There was asking to prove that the best coercitivity constant $c_p$ for $\psi$ is $2^{-1/p}$. In fact this is not true.

For a given simple function $$ f=\sum\limits_{k=1}^n a_k\chi_{A_k} $$ denote $x_k=\mu(A_k)$. Consider special case $a_1=-1$, $a_2=0$, $a_3=1$ and $x_1=\varepsilon$, $x_2=1-2\varepsilon$, $x_3=\varepsilon$ where $\varepsilon\in(0,2^{-1})$. Then $$ c_p\leq\Vert\psi(f)\Vert_p/\Vert f\Vert_p=(\varepsilon+2^{1-p}(1-2\varepsilon))^{1/p} $$ Since left hand side is independent of $\varepsilon$ we conclude $$ c_p\leq\min_{\varepsilon\in(0,2^{-1})}(\varepsilon+2^{1-p}(1-2\varepsilon))^{1/p}=2^{(1-\max(2,p))/p} $$ But even the bound $$ b_p=2^{(1-\max(2,p))/p} $$ is not rough.

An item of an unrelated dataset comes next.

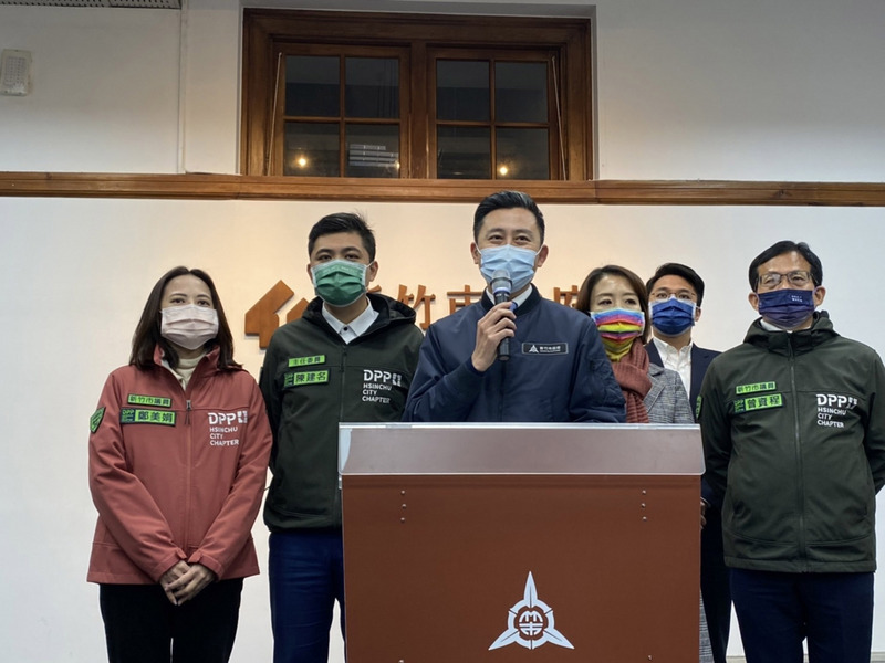 新竹市長林智堅(左3)27日晚間宣布不參選2022「竹竹併」後大新竹市長,對於媒體提問下一步動向,林智堅說,先不討論,現在關鍵是推動修地方制度法,促成大新竹合併升格。(圖/中央社)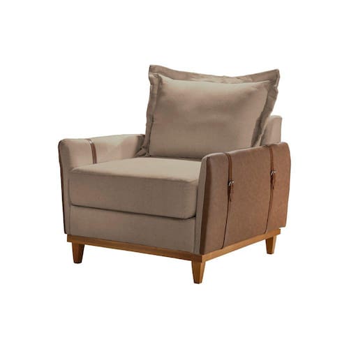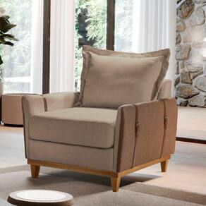 Poltrona 1 Lugar Dubai Couro e Linho - Bege Médio

Numeric test showed that for $p=3$, $a_1=0.079$, $a_2=0.079$, $a_3=-1$ with $x_1=0.879$, $x_2=0.99$, $x_3=0.022$ gives $$ c_3< 0.612176<0.629960\approx b_3 $$

Here is a Mathematica code to check this

FNorm[a_, x_, n_, p_] := (Sum[Abs[a[[k]]]^p x[[k]], {k, 1, n}])^(1/p);
FImageNorm[a_, x_, n_, 
   p_] := (Sum[
     Abs[(a[[k]] + a[[l]])/2]^p x[[k]] x[[l]], {l, 1, n}, {k, 1, 
      n}])^(1/p);
FOpNorm[a_, x_, n_, p_] := FImageNorm[a, x, n, p]/FNorm[a, x, n, p]

OpNorm = 1;
A = {};
X = {};
p = 3;
With[{n = 3, R = 1, M = 100000}, For[i = 0, i < M, i++,
  a = RandomReal[{-R, R}, n];
  x = RandomVariate[GammaDistribution[1, 1], n];
  x = x/Total[x];
  norm = FOpNorm[a, x, n, p];
  If[norm < OpNorm, {OpNorm, A, X} = {norm, a, x}, Continue[]];
  ]
 ]
Print[{{OpNorm, 2.^((1-Max[2,p])/p)}, A, X}]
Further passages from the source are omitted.